Maireana is a genus of around 58 species of flowering plants commonly known as bluebushes, in the family Amaranthaceae that are endemic to Australia. Plants in the genus Maireana are herbaceous to woody perennial plants or small shrubs with often fleshy or succulent leaves, sessile flowers with five petals and five stamens, and the fruit is a utricle containing a single seed.

==Description==
Plants in the genus Maireana are herbaceous to woody perennials or small shrubs that are glabrous or sometimes covered with woolly hairs. The leaves are globe-shaped to terete or narrowly oblong, often fleshy or succulent. The flowers are sessile, arranged singly or in pairs in leaf axils and are dioecious or hermaphrodite with five petals and five stamens opposite the petals. The ovary is more or less spherical with a short style and two or three linear stigmas.

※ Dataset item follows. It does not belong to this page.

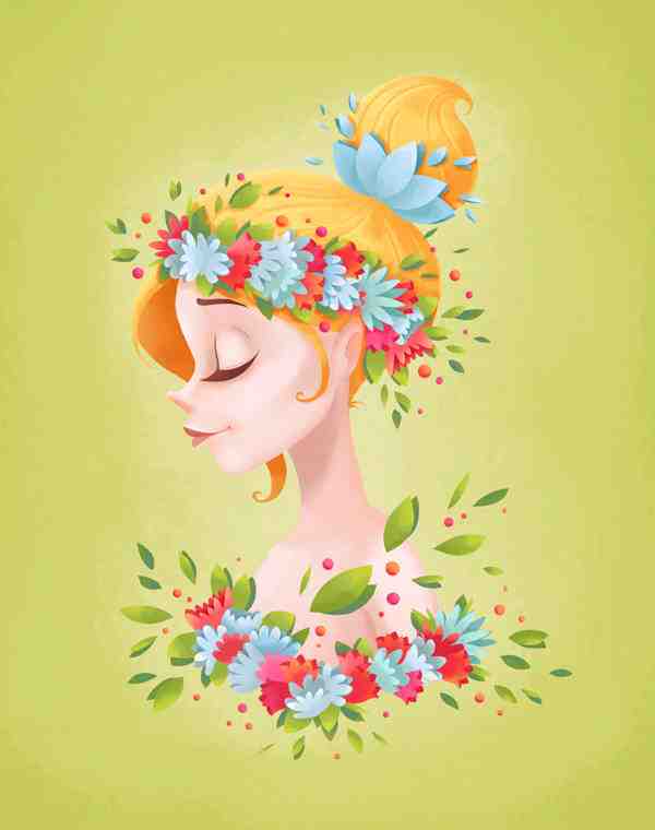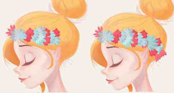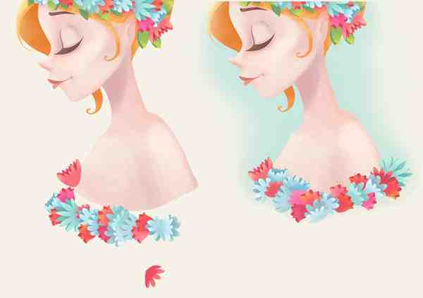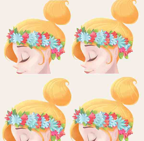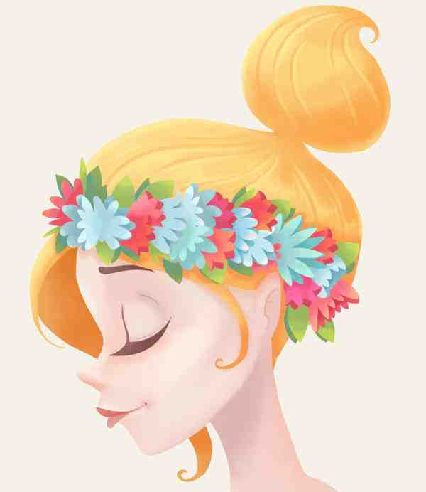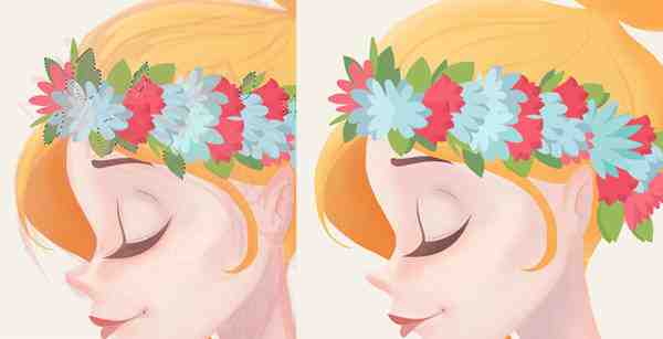 添加一个亮粉色的郁金香,让我们为最前列的花朵重新着色,这样花朵的色彩交替,花环显得更繁茂。选择花朵图层,在图层面板中找到一个格子图案的锁图标,它可以锁定透明像素。这是另一种可以保证在形状里上色不超出边缘的方法。用亮粉色在花朵上绘制,改变它的颜色。画更多的花朵,使花环更精致。选取相关图层和按control-j,复制刚才创建的花朵副本,使它们互相重叠。为花环添加更多元素,使它完全围住头部。你可以选择所有花朵图层,为它们创建一个组(CTRL-G),以保持图层面板整洁。

The perianth of the fruit has a wing, sometimes divided into separate leathery wings, at the base lobes that more or less obscure the utricle. The utricle is disc-like, top-shaped or spherical and contains a single seed.

== Taxonomy ==
The genus Maireana was first formally described in 1840 by the botanist, Moquin-Tandon and named to honour Joseph François Maire (1780–1867), an amateur botanist who befriended him during the author's first visit to Paris in 1834. The type species is Maireana tomentosa.

==Distribution==
Species of Maireana, known as bluebushes, are found in all mainland states of Australia.

===Species list===
The following species of Maireana are accepted by the Australian Plant Census as at April 2025:

- Maireana amoena (Diels) Paul G.Wilson (W.A.)
- Maireana aphylla (R.Br.) Paul G.Wilson - cotton bush or leafless bluebush (N.T., W.A., S.A., Qld., Vic, N.S.W.)
- Maireana appressa (Benth.) Paul G.Wilson – grey bluebush (W.A., S.A., N.T., Qld., N.S.W., Vic.)
- Maireana astrotricha (L.A.S.Johnson) Paul G.Wilson – low bluebush, southern bluebush, grey bluebush (N.S.W., Qld., N.T.)
- Maireana atkinsiana (W.Fitzg.) Paul G.Wilson (W.A.)
- Maireana brevifolia (R.Br.) Paul G.Wilson - small-leaf bluebush, eastern cotton bush, short-leaf bluebush (W.A., N.T., S.A., Qld., N.S.W., Vic.)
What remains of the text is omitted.